Note: Factitious or pseudohyperkalemia occur because of the practice of squeezing of extremities during phlebotomy or blood sampled from a limb being infused with potassium-containing fluid or hemolysis of a standing sample. Thrombocytosis and leukocytosis can also lead to false elevation of serum potassium levels.
ECG Changes:
- Peaked T waves
- P wave widening/flattening, PR prolongation
- Bradyarrhythmias: sinus bradycardia, high-grade AV block with slow junctional and ventricular escape rhythms, slow AF
- Conduction blocks (bundle branch block, fascicular blocks)

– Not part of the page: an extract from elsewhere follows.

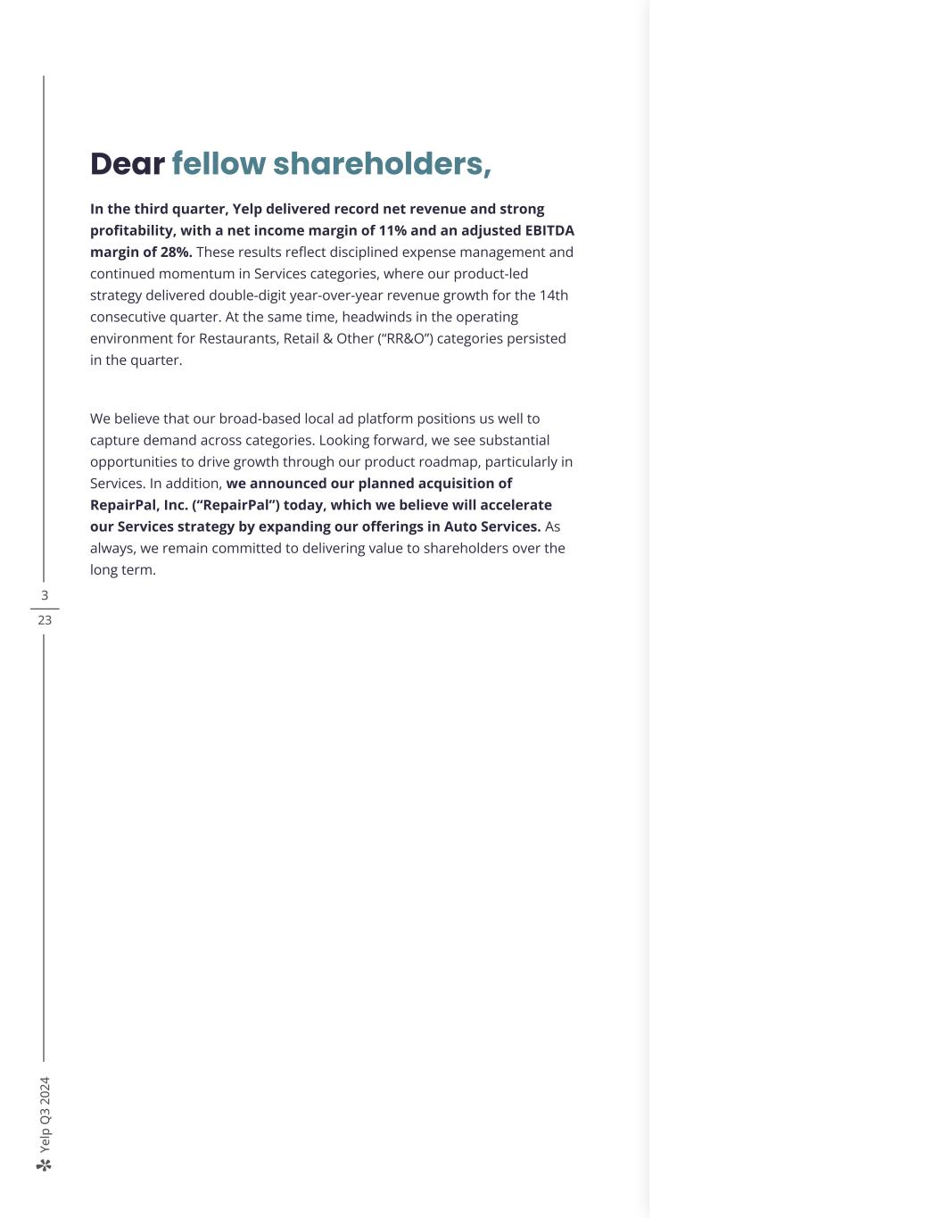 Ye lp Q 3 20 24 3 23 Dear fellow shareholders, In the third quarter, Yelp delivered record net revenue and strong profitability, with a net income margin of 11% and an adjusted EBITDA margin of 28%. These results reflect disciplined expense management and continued momentum in Services categories, where our product-led strategy delivered double-digit year-over-year revenue growth for the 14th consecutive quarter. At the same time, headwinds in the operating environment for Restaurants, Retail & Other (“RR&O”) categories persisted in the quarter. We believe that our broad-based local ad platform positions us well to capture demand across categories. Looking forward, we see substantial opportunities to drive growth through our product roadmap, particularly in Services. In addition, we announced our planned acquisition of RepairPal, Inc. (“RepairPal”) today, which we believe will accelerate our Services strategy by expanding our offerings in Auto Services. As always, we remain committed to delivering value to shareholders over the long term.

- QRS widening with bizarre QRS morphology
Potassium Level (mmol/L) | ECG changes |
5.5-6.5 | Peaked T waves |
6.5-7.0 | P wave widening/flattening PR Prolongation P waves eventually disappear |
7.0-9.0 | Sinus bradycardia, High grade AV block, Prolonged QRS interval |
>9.0 | Sine wave appearance Asystole Ventricular fibrilation |
Managment:
- Prompt discontinuation of potassium containing fluids and medications that lead to hyperkalemia.
- Stabalize the myocardial cell membrane to prevent cardiac arrhythmia
- IV 10% calcium gluconate
- 0.5-1mL/kg over 5-10 minutes under cardiac monitoring (Watch for bradycardia, discontinue if it happens)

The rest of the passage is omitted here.